Brian Burns is a competent, if hardly distinctive, country singer. Same goes for the playing on this record. So it might take a couple or three listens to realize that this is one of the finest collections of country songs of the last year or so.
It’s not that Burns doesn’t occasionally dip into country cliches: “If You Don’t Believe I Love You (Ask My Wife)” is no deeper than its jokey title, “Whiskey-O” is one in a long line of songs celebrating boozing, and the title track treads as familiar a ground as you’d guess from its name. Even on these songs, though, Burns can turn a poignant or hilarious phrase with ease: “Now there’s Jesus on a billboard sign tellin’ me my time has come/Is it heaven he’s pointin’ toward, or Highway 81?” he asks in the title song. And on “Whiskey-O”, Burns cracks: “I don’t mumble and stumble around/I stand proud and tall till I hit the ground/I’m not a wino, I’m a whiskey-o.”

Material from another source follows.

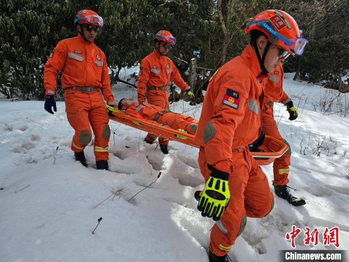 圖為拉練中開展冰雪災害失聯(lián)人員搜救訓練。西藏林芝市森林消防支隊供圖

More typical, though, is the genuine originality found in the likes of “Lucy & Desi”, a funny, sweet love song set to a pseudo-Latin lounge rhythm; “Montgomery Street”, a moving exploration of the perils of trying to go home again; and “Commerce & Pearl”, a celebration of Burns’ favorite Dallas honky-tonk. These songs are packed with detail but never come across as too wordy.
This record ends with “The Haunted Jukebox”, a ghostly celebration of country singers past. Again, this sort of thing has been done before, but rarely with the kind of details Burns musters: “I could smell the whiskey on Hank’s breath, and Patsy Cline’s perfume, all around the haunted jukebox at the Lost Highway Saloon,” he sings.
At his best, Burns’ songs would fit right in on that jukebox.